In both the temporal and spatial domains, many different time scales are at play. It may
be that a simplification is equally justifiable and necessary in order to gain insight into the
modeled system. Multiscale modeling is a mature subject in classical mathematical
physics, and uses techniques as such as matched asymptotic expansions and singular
perturbations to address the problem of differing temporal scales. Such methods are
receiving much attention even outside of the environmental sciences, as witnessed by a
full SIAM journal (“Multiscale Modeling & Simulation”) devoted to this topic; the extent to
which these techniques are being developed to address environmental problems is less
clear, but some illustrative examples are presented in the following section.

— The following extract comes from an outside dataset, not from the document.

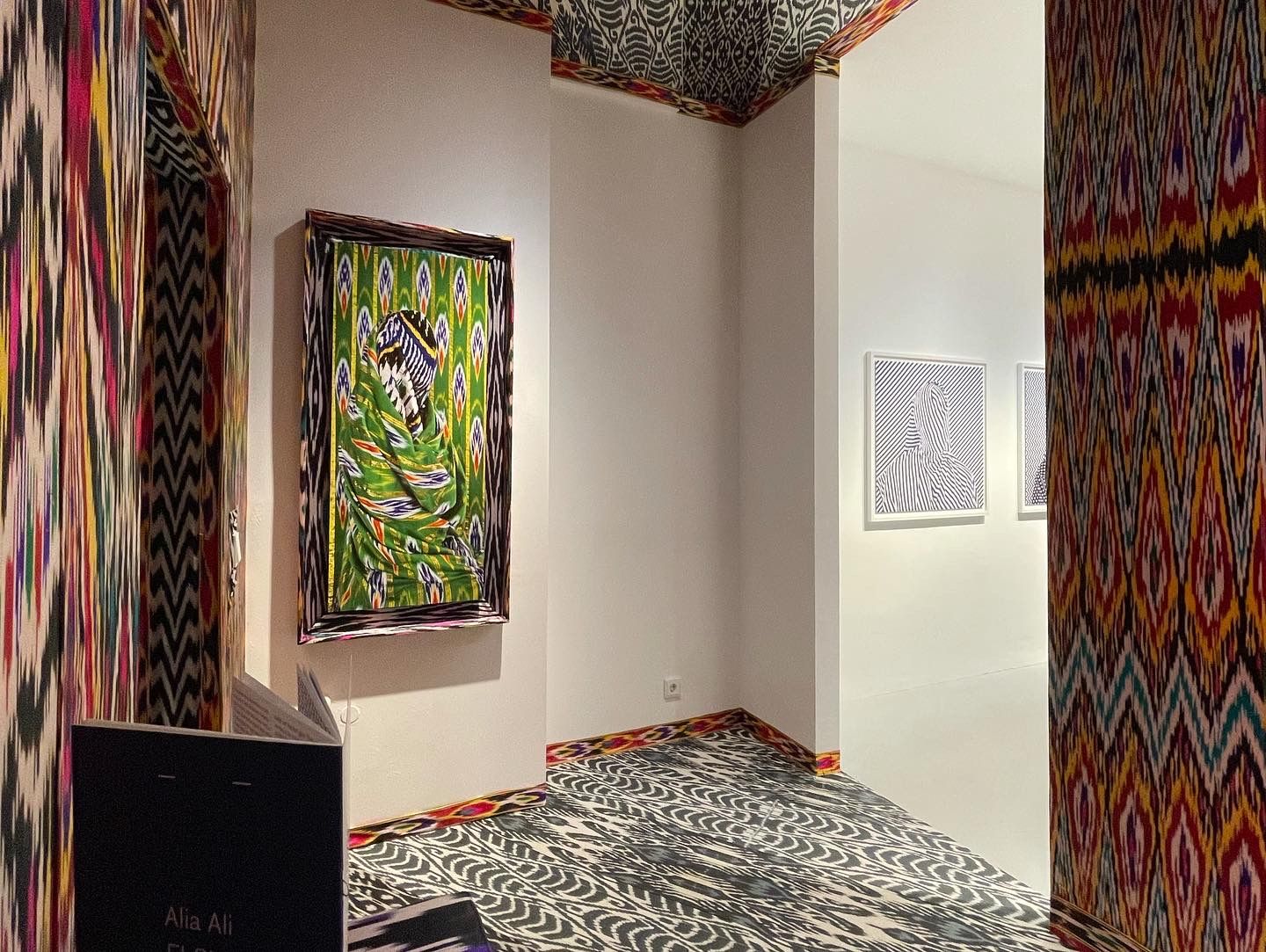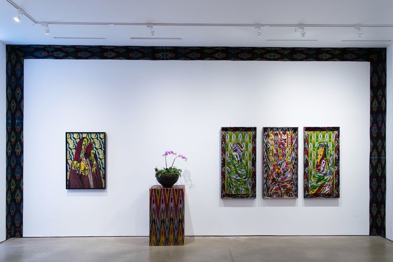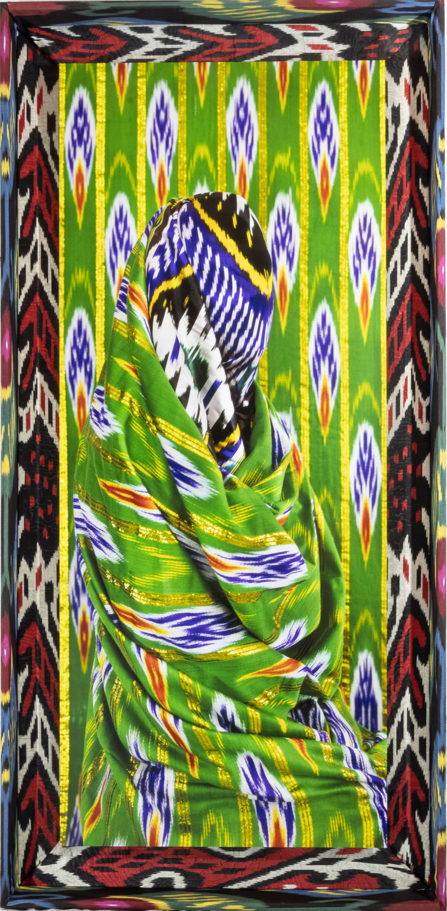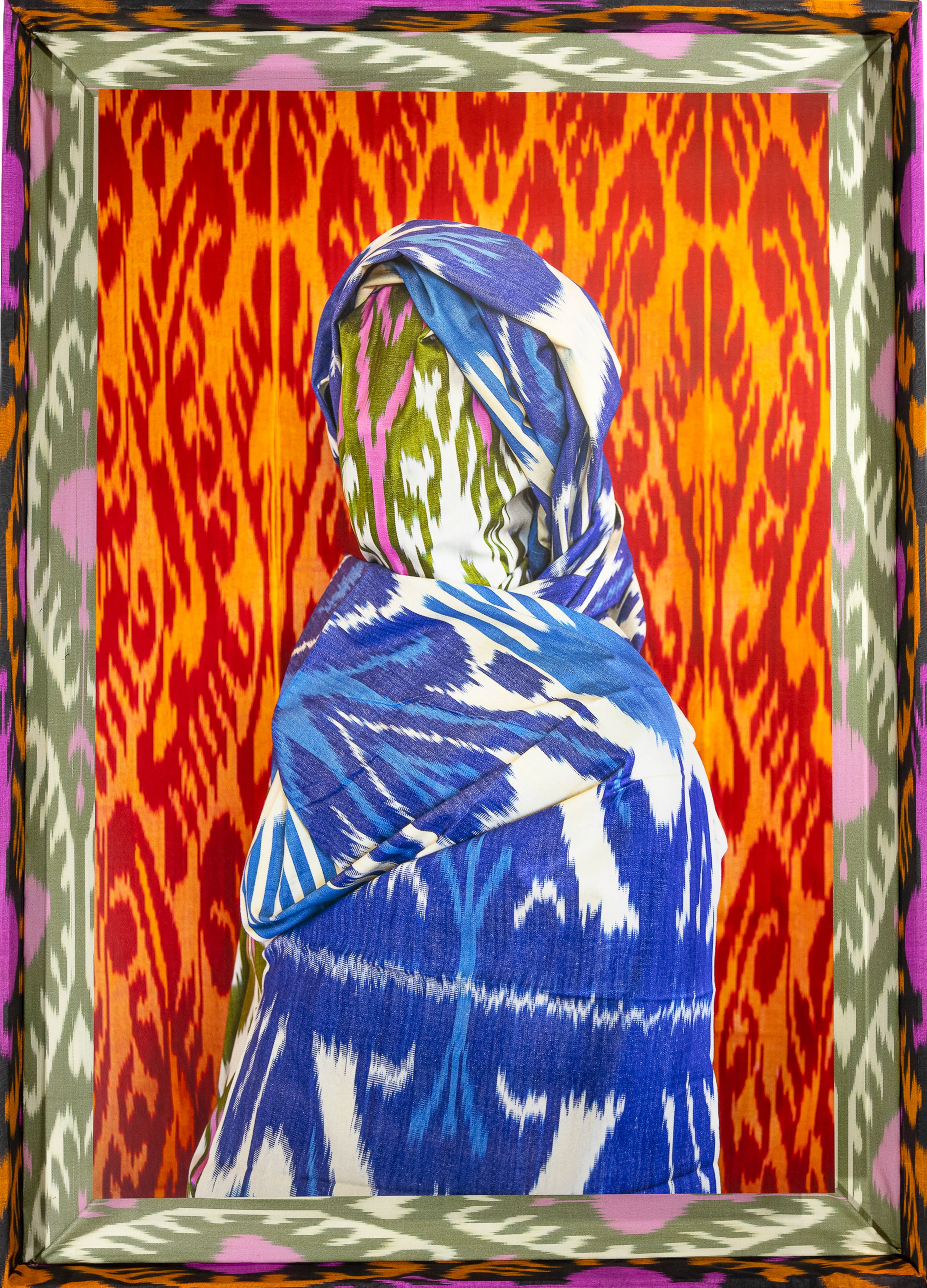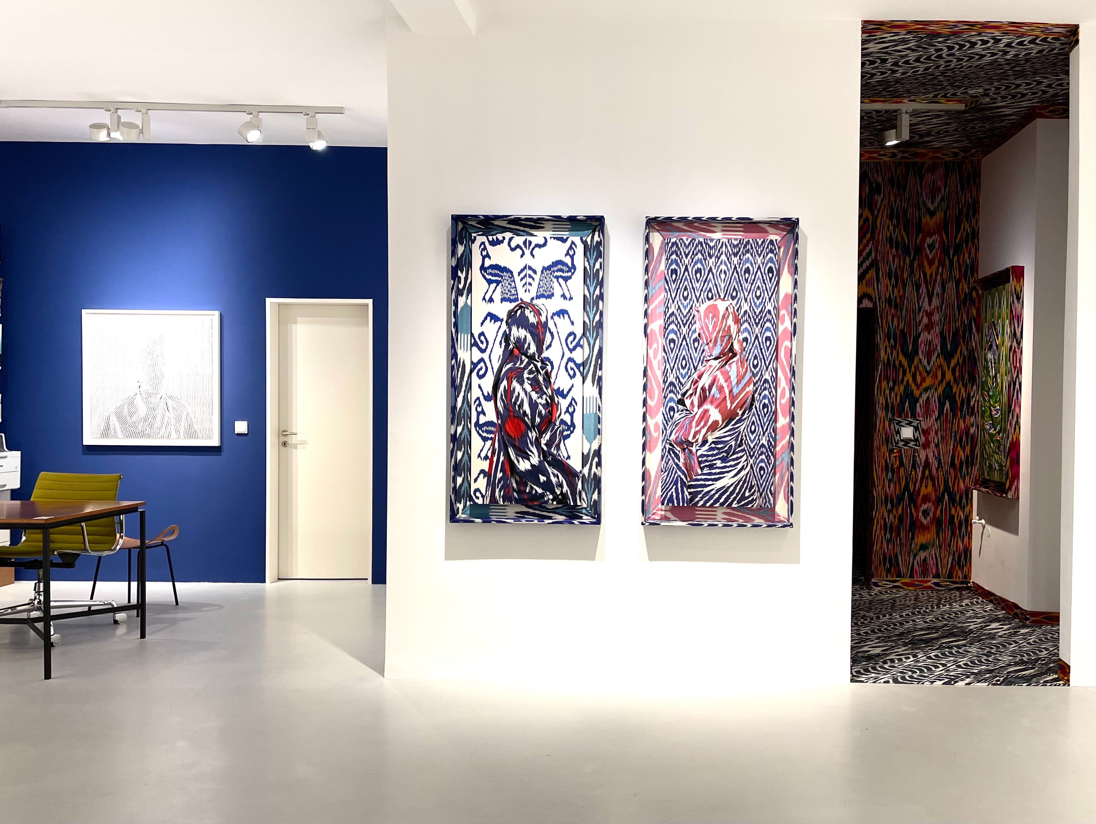 Today, Margilan is a sleepy town that attracts occasional tourists who make their way off the beaten track, away from the more renowned Samarkand and Bukhara. Its last claim to fame was in 2013, when the celebrated fashion designer Oscar de la Renta sourced fabrics here for his Fall 2013 collection. Though the kaleidoscopic designs of versicolored textiles took the fashion industry by storm, Margilan remains unchanged. The fashion industry’s appropriation of the pattern continued, while its origin was confused and co-opted as something other than Uzbek. Ikat-tiraz has been alarmingly removed from its source(s), and as such is widely recognized to be associated primarily with “Eastern'' cultures. In many instances, when searching online for example, ikat is often misattributed to Turkey or Morocco, when in fact the source lies in Uzbekistan. Ultimately, FLOW and IKATIKAT remind the viewer of where the fabric did originate, and signify the unseen master artisans themselves.

The modeling process itself should be seen as dynamical and hierarchical. There
is hardly a definitive, comprehensive and “final” representation of a given HES. There is
thus a need for consideration of a hierarchy of representations, addressing progressively
more refined incorporation of the details of the description of the HES under study. In
this respect, diversity pays off: there is considerable insight to be gained by a wide
variety of model building approaches. The role of stochasticity, for example, can be
incorporated in many different ways, and most are complementary and provide deeper
understanding of the robustness of the different hypotheses. Either uncertainty in the
initial states, which are never known to arbitrary precision, or sensitivity to variations in
the numerous parameters constituting the model have to be analyzed, both qualitatively
(e.g., classical results on “continuous dependence on initial data”) and quantitatively
(e.g., more recent “sensitive dependence on initial conditions”, the essence of chaos).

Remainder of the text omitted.